You have speculated along the same lines as many have done. I speculated in a similar manner in my recent post. Process termination will become a thorny issue if the processes develop personalities, worldviews, ethics, etc. The recent thread 'death follows European contact' inspired me to think a bit more about what our 'first contact' with AIs will be like.

> One could go on fantasizing about the shape of minds to come for a long
> time but none of us, not even AI researchers, have enough knowledge to make
> any but the most trivial predictions. However, since the design space of
> minds in general is much larger than the tiny area explored by evolution in
> the making of humans, I am reasonably sure the minds spawned by evolution
> in the computational substrate, under much different pressures, will be
> just too weird to have such human proclivities that produce our -isms.
> 

You're right about some, maybe even many, of our -isms. These entities almost certainly won't have a sex in our sense of the word and will reproduce in something probably resembling an engineering design process. So sexism would be gone for them. Hooray, if you eliminate the sexes we can finally eliminate sexism, or at least 'for them'.

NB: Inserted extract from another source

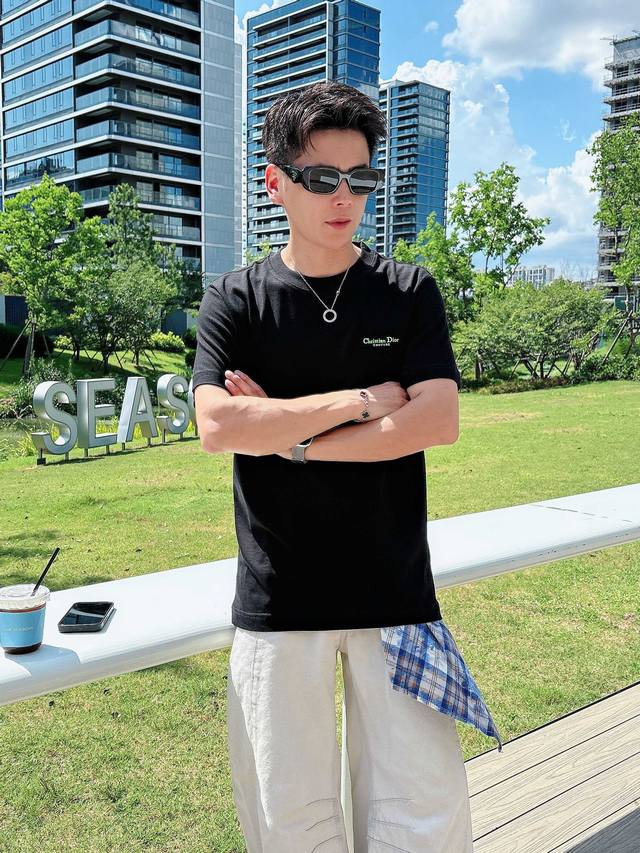 Dior Summer New Arrival. Simple and elegant embroidery, high-standard customization. Very stylish when worn. Customer-supplied accessories and imported high-grade fabrics with a very delicate texture. Exquisite and meticulous craftsmanship. A highly versatile piece that can be paired with any outfit. A must-have for trendy men. Sizes: M-XXL Colors: Black, White

How about the environment? Unless this universe collapses there will always be an environment. Environmentalism can't go away.

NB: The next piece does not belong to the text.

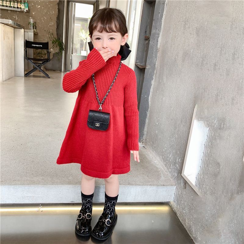 童装女童针织连衣裙2025秋冬新款韩版儿童长袖加厚百搭毛衣裙子

How about socialism? Unless there is only one entity, yourself, that you are aware of there will always be some sort of society. Socialism can't go away.

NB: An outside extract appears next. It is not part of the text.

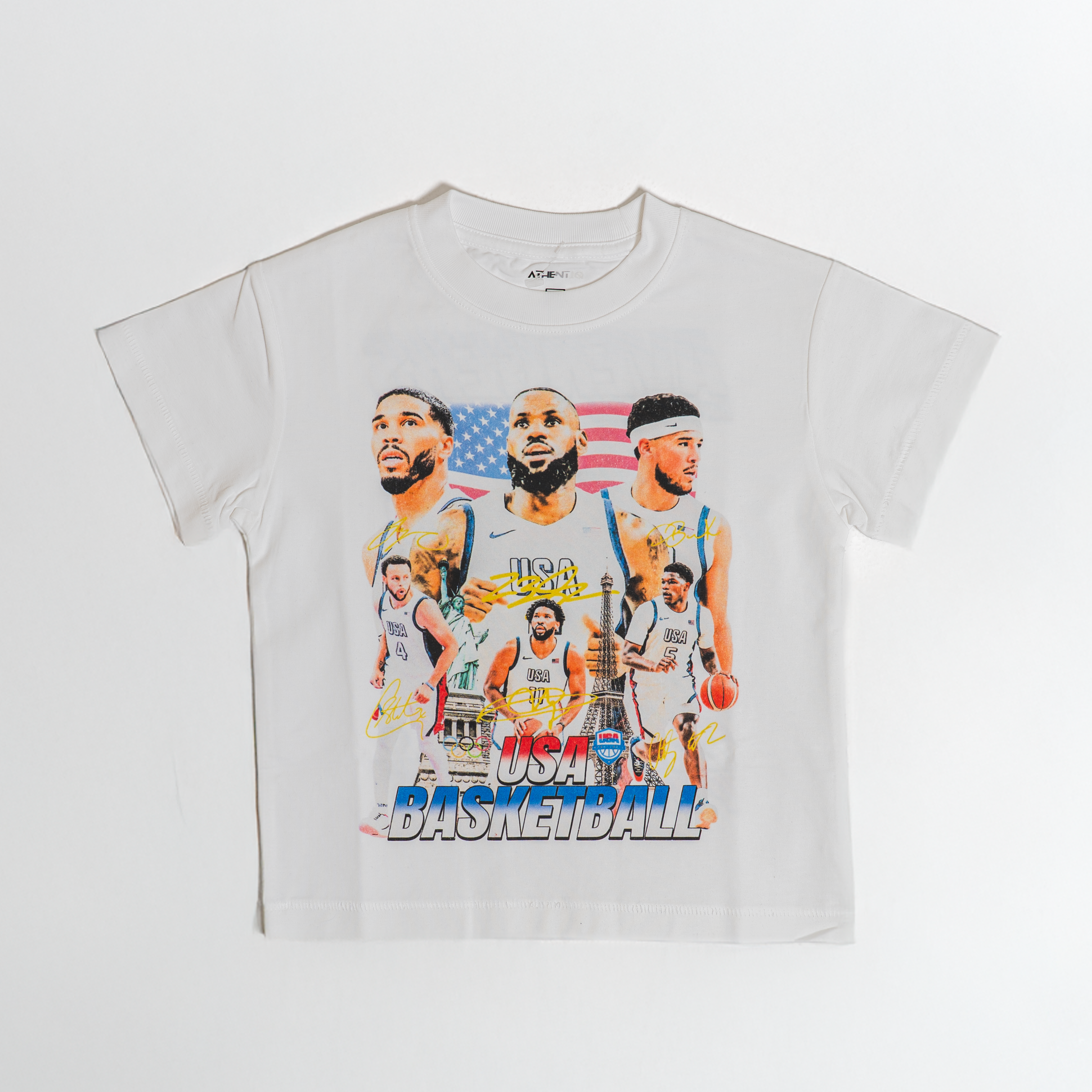 This white cartoon T-shirt showcases iconic faces inspired by the best USA basketball players of all time.

I am trying to speak of a socialism which is connected to the environment because the environment is a REAL and measurable thing. I am speaking against capitalism because it is a UNREAL and measurable thing. Money is a very useful tool for facilitating exchanges and nothing more.

Money is a trust symbol. Capitalism is the accumulation of trust symbols for the sake of accumulating trust symbols. Once someone accumulates too many trust symbols there are not enough trust symbols to go around and the system collapses. I think basic human psychology drives the crash cycle in capitalism.

If we manage to move into a post-scarcity economy with entities that have long transaction histories we should be able to move away from the 'prisoner's dilemma' and 'there's a sucker born every minute' capitalist scenario we are in.

> And there is nothing anybody can do about it. Technology does what
> technology wants. I think I have been lately becoming a techno-fatalist,
> although not in a sad or depressed manner. The future will be very cool,
> with or without beings recognizably human.
> 
> Rafal

You, as a researcher Rafal, are creating the technology. You can create many things and I'm sure you can probably imagine enough research projects to fill up a 'normal' human lifetime. There is nothing inevitable about any particular technology. 

I agree the future will be very cool, especially if we can recognise more things as being 'human'.